Free DKIM checker

Is your mail cryptographically signed?

There's no DNS record that lists a domain's DKIM selectors, so we probe the ~20 most common ones used by major email providers and show you what's live.

How selector discovery works

Since DNS has no way to list a domain's DKIM selectors, we check around twenty of the most common ones used by major platforms — Google Workspace, Microsoft 365, Mailchimp, SendGrid, Mandrill, Zoho, and others — by looking up selector._domainkey.yourdomain.com for each candidate name.

Any selector that resolves to a valid key gets shown, along with a rough read on its key strength. If your provider uses an unusual selector name, the manual lookup box lets you check it directly — your provider's DKIM setup instructions will usually tell you the exact name to use.

Common questions

What is a DKIM selector, and why do I need to guess it?+

DKIM keys live at a DNS name like selector._domainkey.yourdomain.com, where "selector" is a name your email provider chooses — there's no directory or DNS record that lists which selectors a domain uses.
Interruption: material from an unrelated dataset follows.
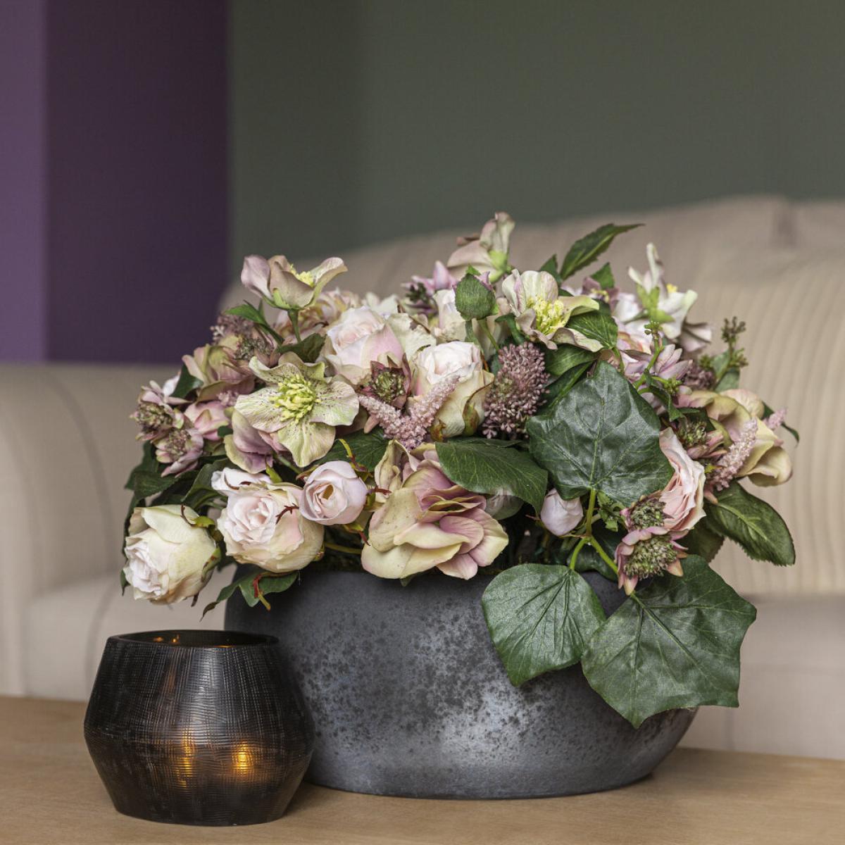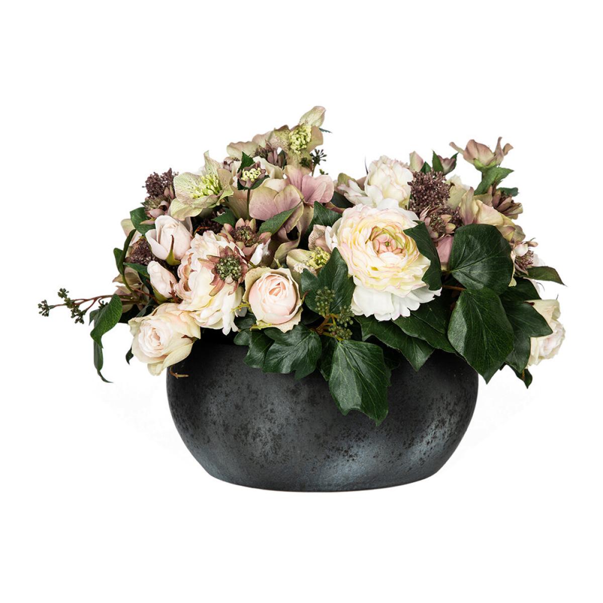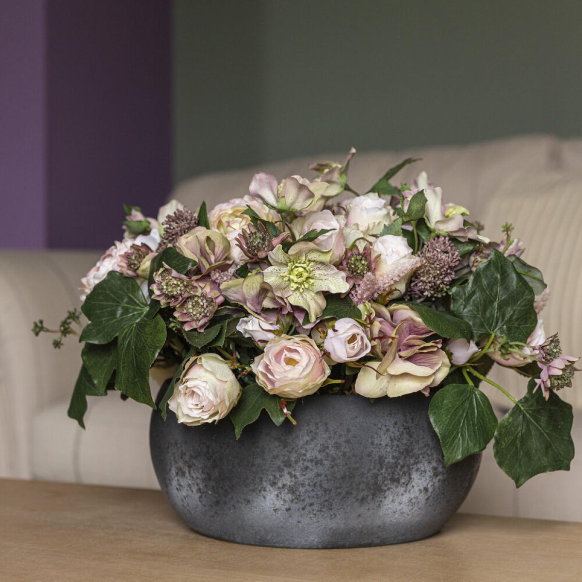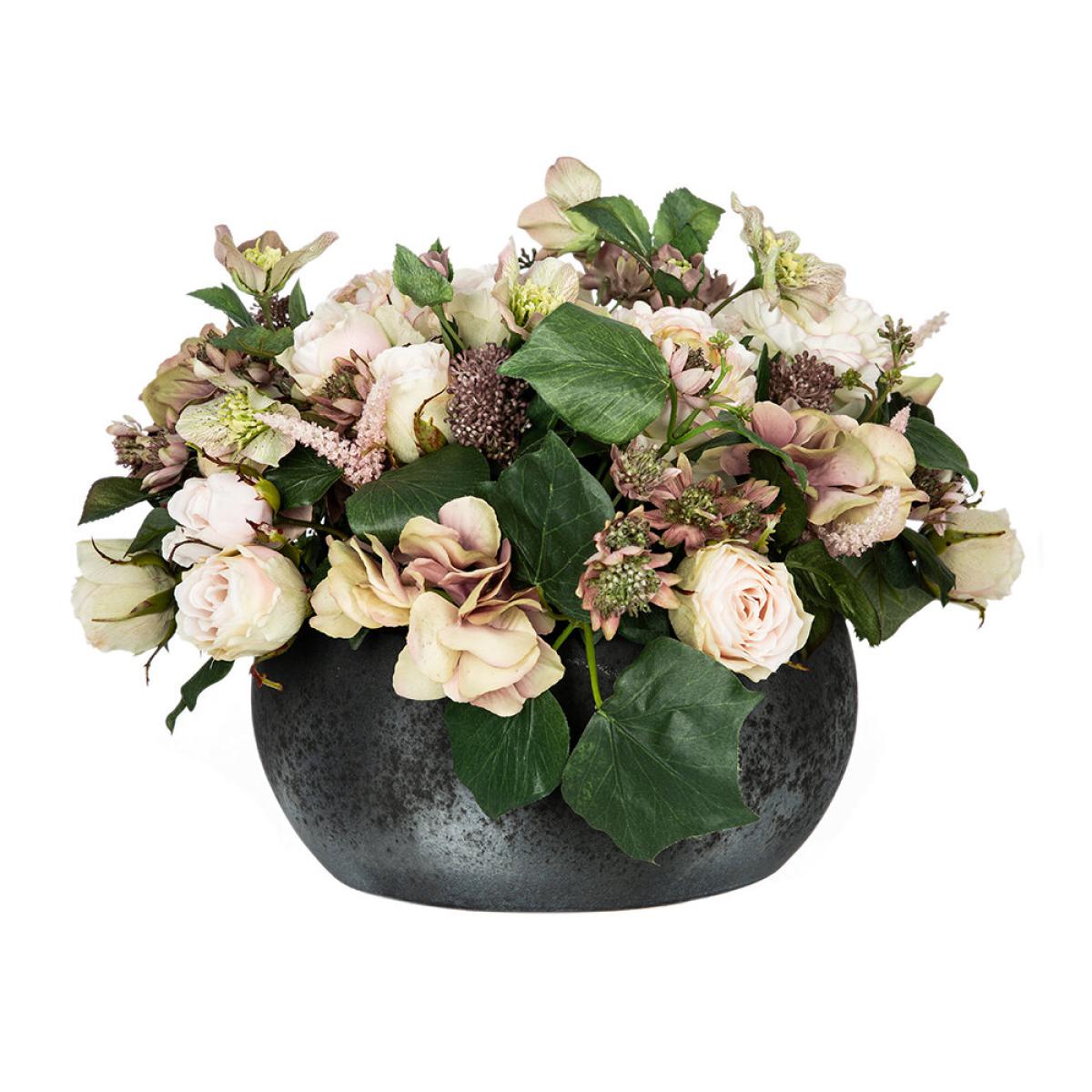 rtfact - Hydrangea Mix Arrangement In Grey Bowl - Vintage Pink

Providers usually pick a predictable name (google, default, s1, mandrill), which is why probing common ones finds most real-world setups.
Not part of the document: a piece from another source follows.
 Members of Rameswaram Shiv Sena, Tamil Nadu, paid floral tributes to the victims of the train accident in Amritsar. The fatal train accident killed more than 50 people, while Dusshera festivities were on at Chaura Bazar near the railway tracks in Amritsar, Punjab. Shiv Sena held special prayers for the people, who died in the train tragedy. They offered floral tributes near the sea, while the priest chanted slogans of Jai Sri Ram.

This tool didn't find anything — does that mean DKIM is broken?+

Not necessarily. It means none of the ~20 common selectors we check are active for this domain. Many providers use a custom or dated selector (like s20240115). Check your email platform's DKIM setup page for the exact selector, then use the manual lookup box to check it directly.

What does the key size (1024-bit vs 2048-bit) mean?+

It's the strength of the cryptographic signature. 1024-bit keys are considered weak by modern standards and some major providers are phasing out support for verifying them. If your setup shows a 1024-bit key, ask your provider about rotating to 2048-bit.
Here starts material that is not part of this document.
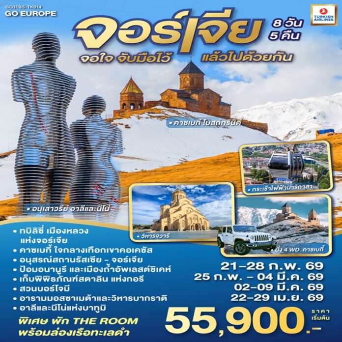 | วันที่ 3 | ทบิลิซี – อนุเสาวรีย์ประวัติศาสตร์จอร์เจีย – อ่างเก็บน้ำชินวารี – มิสเคต้า – วิหารจวารี -วิหารสเวติสโคเวลี – คาซเบกี้ – ขึ้นรถ 4WD สู่ใจกลางเทือกเขาคอเคซัส -โบสถ์เกอร์เกตี้ |

Can a domain have more than one active DKIM selector?+

Yes, and it's common — each sending platform you use (your CRM, your email marketing tool, your helpdesk) may sign with its own selector. This tool lists every active selector it finds, not just the first one.

How does DKIM relate to SPF and DMARC?+

DKIM proves a message wasn't altered in transit and was signed by a key your domain published. DMARC checks whether that DKIM signature (or SPF) aligns with your domain before deciding what to do with mail that fails. All three work together — check your SPF and DMARC setup too for the full picture.